Set down the whole listing below exactly, without pictures.

+ + + + + + +

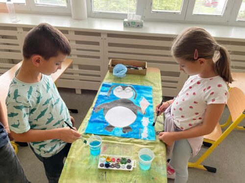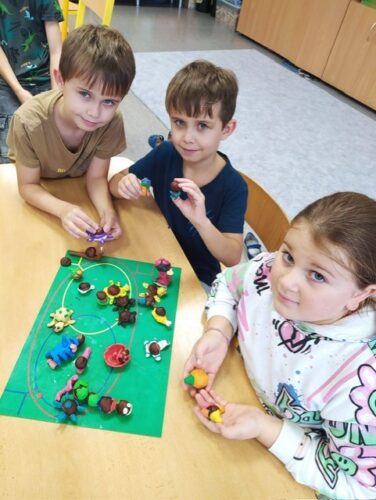 Děti se zapojily do různorodých výtvarných projektů – kreslení, malování, tvoření z plastelíny nebo vyrábění s přírodními materiály (listoví broučci, kamenní pavoučci). Vyzkoušely si i vaření a pečení – připravili jsme pizzu, pudink a kakao. Pokusili jsme se o jedlé umění za použití ovoce a zeleniny. Ochutnávání bylo tou nejlepší odměnou!
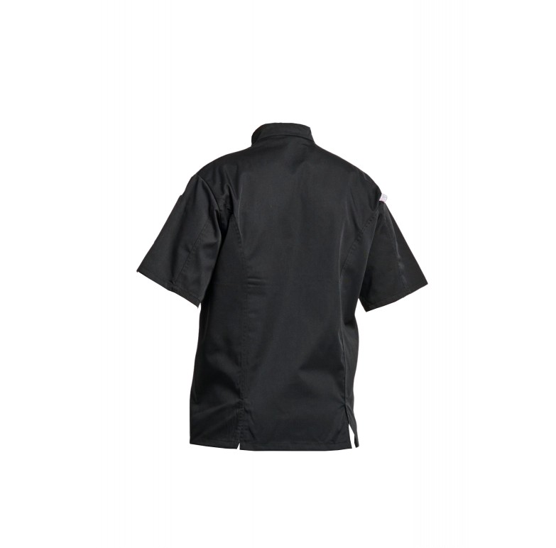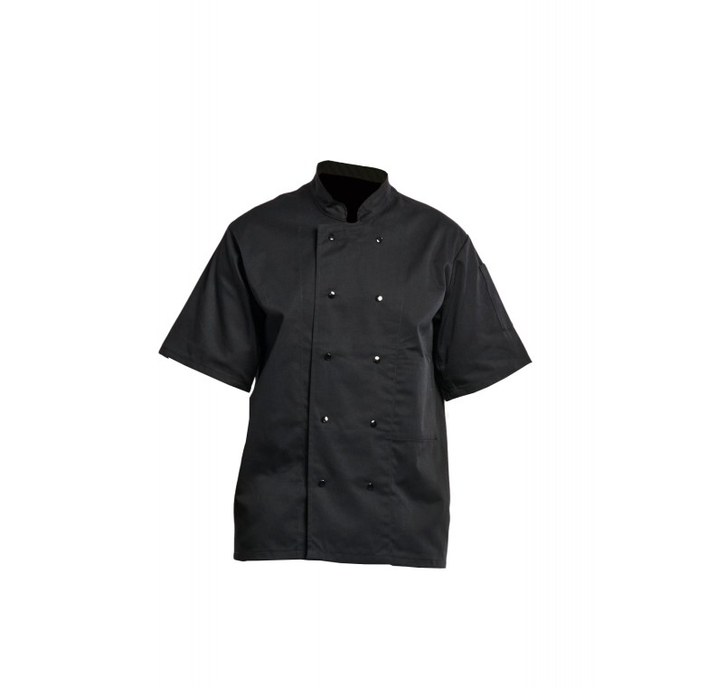Veste de cuisine manche courte poly-coton de couleur noir à pressions.
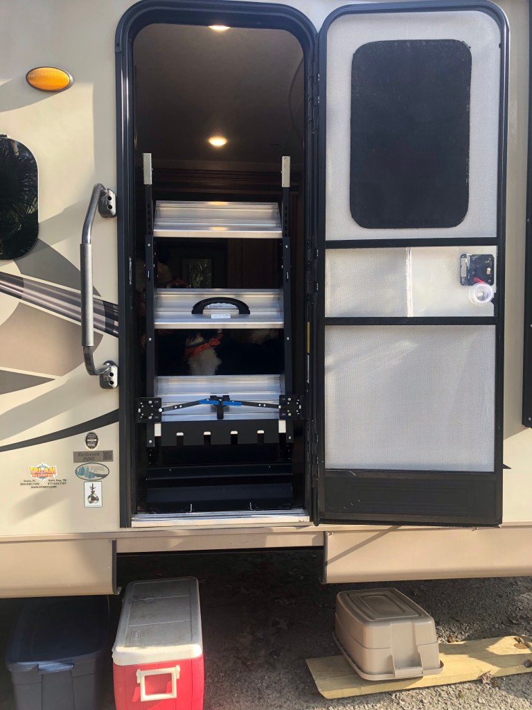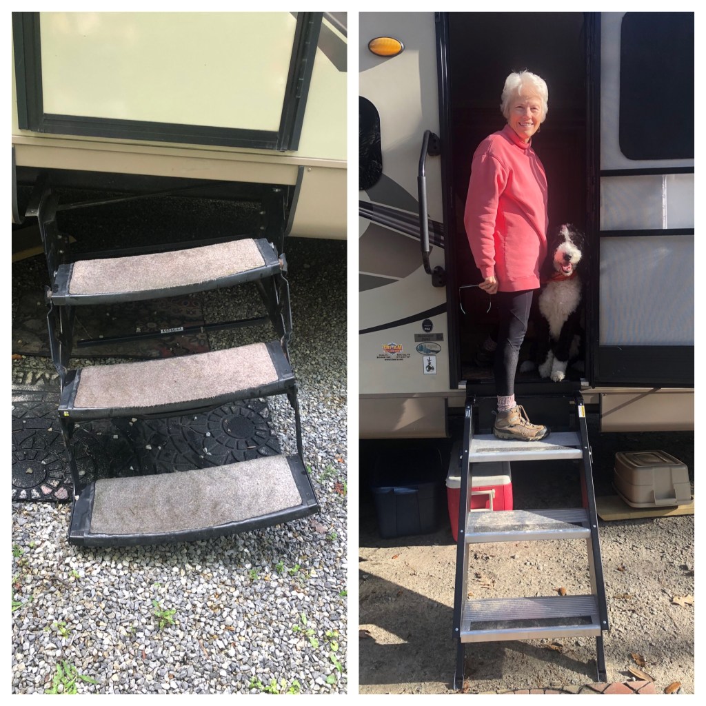 As you may recall, we had trouble on our last trip with the steps…Harry kept fixing it but it was just plum tuckered out, so we replaced them with this super sturdy set! A nice addition!
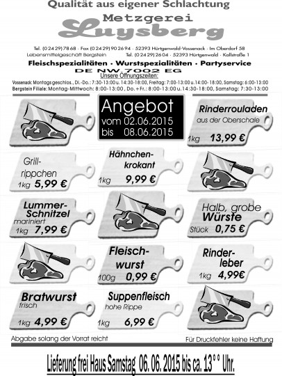 Deprecated: Die Funktion WP_Dependencies->add_data() wurde mit einem Argument aufgerufen, das seit Version 6.9.0 veraltet ist! Conditional Comments für den Internet Explorer werden von allen unterstützten Browsern ignoriert. in /var/www/vhosts/metzgerei-luysberg.de/httpdocs/wp-includes/functions.php on line 6131 Angebot vom 02.06.-08.06.15 – Metzgerei LuysbergZum Inhalt springen
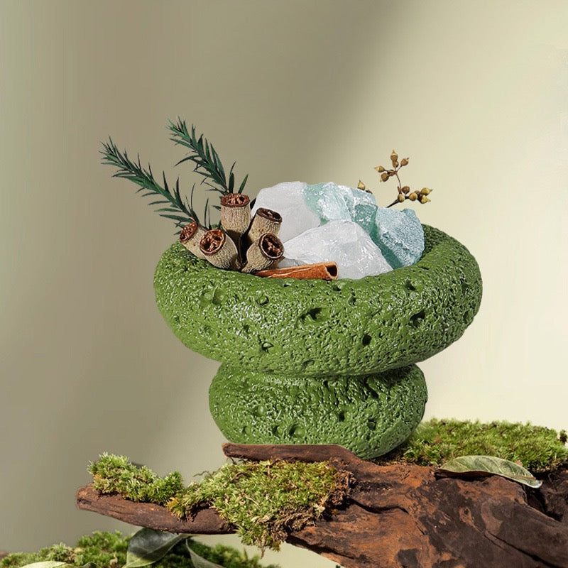 Each diffuser is sculpted from delicately textured stone in shades of moss green, blush pink, cloud white, and midnight black, holding a cluster of natural crystals that shimmer like fragments of untouched earth.
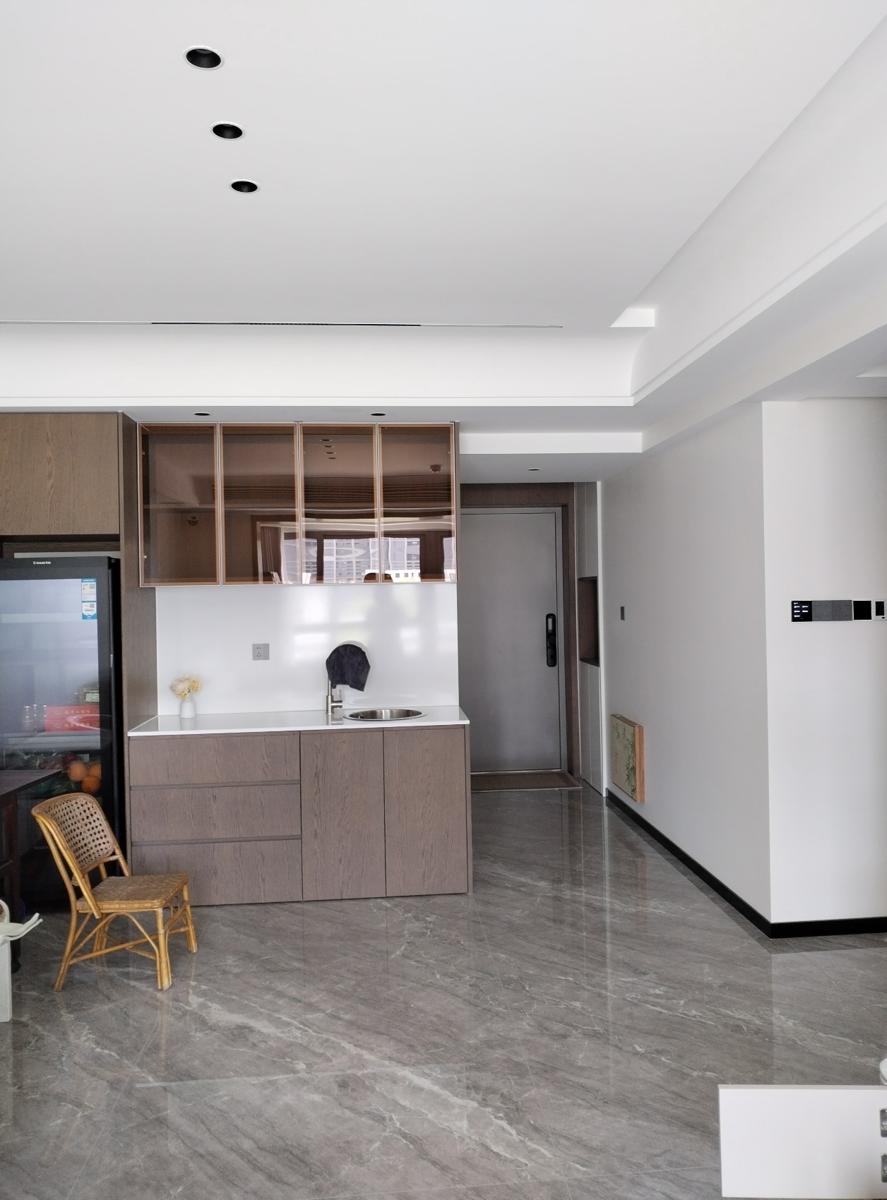 墙面溅上油污后,用湿抹布蘸取少量洗洁精就能擦干净,不会留下痕迹;地面洒上酱油、醋,也不用担心渗透,清洁起来非常方便。而且它的表面硬度高,厨房的锅碗瓢盆不小心掉在地上,也不会对地面造成损伤。

+ + + + + + +

**Exercise output**
 Děti se zapojily do různorodých výtvarných projektů – kreslení, malování, tvoření z plastelíny nebo vyrábění s přírodními materiály (listoví broučci, kamenní pavoučci). Vyzkoušely si i vaření a pečení – připravili jsme pizzu, pudink a kakao. Pokusili jsme se o jedlé umění za použití ovoce a zeleniny. Ochutnávání bylo tou nejlepší odměnou!
Veste de cuisine manche courte poly-coton de couleur noir à pressions.
 As you may recall, we had trouble on our last trip with the steps…Harry kept fixing it but it was just plum tuckered out, so we replaced them with this super sturdy set! A nice addition!
 Deprecated: Die Funktion WP_Dependencies->add_data() wurde mit einem Argument aufgerufen, das seit Version 6.9.0 veraltet ist! Conditional Comments für den Internet Explorer werden von allen unterstützten Browsern ignoriert. in /var/www/vhosts/metzgerei-luysberg.de/httpdocs/wp-includes/functions.php on line 6131 Angebot vom 02.06.-08.06.15 – Metzgerei LuysbergZum Inhalt springen
 Each diffuser is sculpted from delicately textured stone in shades of moss green, blush pink, cloud white, and midnight black, holding a cluster of natural crystals that shimmer like fragments of untouched earth.
 墙面溅上油污后,用湿抹布蘸取少量洗洁精就能擦干净,不会留下痕迹;地面洒上酱油、醋,也不用担心渗透,清洁起来非常方便。而且它的表面硬度高,厨房的锅碗瓢盆不小心掉在地上,也不会对地面造成损伤。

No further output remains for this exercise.